In response, the system's governing Board of Regents, is eliminating Jobs, reducing equipment purchases, increasing student fees, and cutting enrollments to meet a tighter budget.
Despite the budget developments, the regents do "not expect that current state fiscal conditions will materially affect the regents' ability to pay rental as it becomes due and payable under the facility leases" tied to the lease-revenue bonds, according to the preliminary official statement for the deal.
Standard & Poor's, which gives the lease revenue bonds a "stable" outlook, said its assessment reflects the university system's "strong general creditworthiness, offset by the weakened quality of state appropriations and support; the state's involvement and history of direct appropriations for lease payments; a legal structure that includes [the university system's] covenant to budget and allocate lease payments; and strong project essentiality."
Concern arose over the state's lease bonds in late August when negotiations over California's budget dragged two months into the new fiscal year.

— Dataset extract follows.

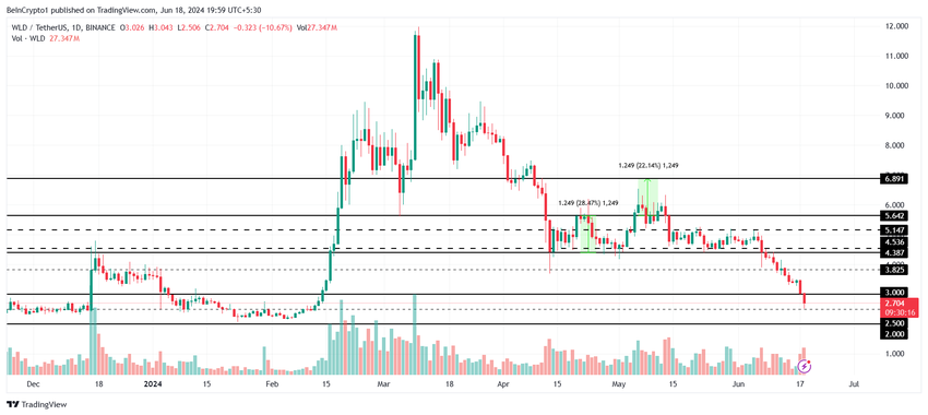 Worldcoins pris falt under et avgjørende støttenivå på $3. Den pågående korreksjonen de siste to dagene har resultert i et fall på 45 % fra $4,5. Hvis WLD-investorene flytter for å legge til flere tokens til beholdningene sine, kan altcoin ta tilbake $ 3 som støtte.

The delay in adopting a budget raised questions over whether the state could appropriate rental payments due Sept. 1 on related bond issues.
But unlike other lease revenue bonds issued by the Public Works Board that are payable solely from state appropriations, the bonds secured by leases with the regents are payable from any lawfully available funds of the university, Moody's noted in its rating report.
Accordingly, the university system was able to use other funds in late August to assure timely payment of its lease obligations, Moody's said.
This fact is more prominently outlined in the prospectus for tomorrow's sale, compared with previous university-related financings. The language notes that "the authority of the regents to adopt a budget, and to appropriate rental payments, is not dependent upon the adoption of a budget by the state."
The new financing is subject to standard lease abatement provisions for damage, destruction, or substantial interference with the use of the facilities. The 14 projects range from science building construction to medical facility improvements.
Last fall, some institutional investors expressed displeasure with the regents' handling of a refunding because it led to a redemption of certain bonds that investors did not think would be called until 1999 at the earliest.
That controversy, which involved direct bond sales by the regents rather than issues through the public works board, forced the state to postpone the refunding temporarily until it discussed the situation with affected investors. Some of the unhappy investors then received refunding bonds at a premium as part of the state's solution.
As of late last week, it appeared unlikely that the controversy would have much effect, if any, on tomorrow's issue. But one senior portfolio manager at a huge mutual fund stressed that last year's handling of the redemption "certainly is not forgotten here." adding that his fund would not buy any bonds tomorrow unless "they're very cheap" to the market.
But another portfolio manager doubted the pricing would be affected by last year's redemption brouhaha as long as the new deal includes standard call provisions.
He added, however, that "investors are much more cautious on [the regents') calls and are going to look at the fine print."
The redemption provisions for tomorrow's sale allow an optional call after 10 years, with redemption prices declining to par after Dec. 1, 2004.
"We haven't gotten any of that feedback" regarding any need for a premium to sell this week's issue, Opdycke said. When underwriters explored pricing levels, the chance for a penalty "did not even come up as a topic in our discussions."